Step 3.   Work out the amount per year (if any) for rent assistance in accordance with paragraph 1070A(b).

Step 4.   Add up the amounts obtained in Steps 1, 1A, 2 and 3: the result is called the maximum payment rate.

Step 5.   Apply the ordinary income test using MODULE E below to work out the income reduction.

Note:  Module F contains provisions that may apply to working out the ordinary    income of a person, and the ordinary income of a partner of the person, for the      purposes of disability support pension.

Step 8.   Take the income reduction away from the maximum payment rate: the result is called the income reduced rate .

Step 9.   Apply the assets test using MODULE G below to work out the reduction for assets.

Step 10. Take the reduction for assets away from the maximum payment rate: the result is called the assets reduced rate.
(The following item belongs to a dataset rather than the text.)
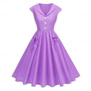 1950s Hepburn Retro Vintage Midi A-Line Dress Swing Dress Flare Dress Short Sleeves A-Line Fancy Dress Women’s Carnival Valentine’s Day Masquerade Vacation Dailywear Bachelorette Party Adults Dress #14624877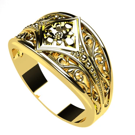 La seconde bague, de type chevalière est un anneau élargie faisant 12 millimètres de large en partie supérieure et seulement 4 millimètres de large en partie inférieure. Les montants et la partie supérieure sont ornés de motifs floraux, de milegrains et d’une fleur centrale du plus bel effet. Notez que les motifs floraux sont ajourés, allégeant le design de bague.

Step 11. Compare the income reduced rate and the assets reduced rate: the lower of the 2 rates, or the income reduced rate if the rates are equal, is the provisional annual payment rate.

Step 12. The rate of pension is the amount obtained by:

(a) subtracting from the provisional annual payment rate any special employment advance deduction (see Part 3.16B); and

(b) if there is any amount remaining, subtracting from that amount any advance payment deduction (see Part 3.16A); and

(c) adding any amount payable by way of remote area allowance (see Module H).

Module E – Ordinary income test

Effect of income on maximum payment rate

1064‑E1  This is how to work out the effect of a person's ordinary income on the person's maximum payment rate:

Method statement

Step 1.   Work out the amount of the person's ordinary income on a yearly basis.

Note 1:       For the treatment of the ordinary income of members of a couple see           point 1064‑E2.

Note 2:      Module F contains provisions that may apply to working out the ordinary        income of a person, and the ordinary income of a partner of the person, for the      purposes of disability support pension.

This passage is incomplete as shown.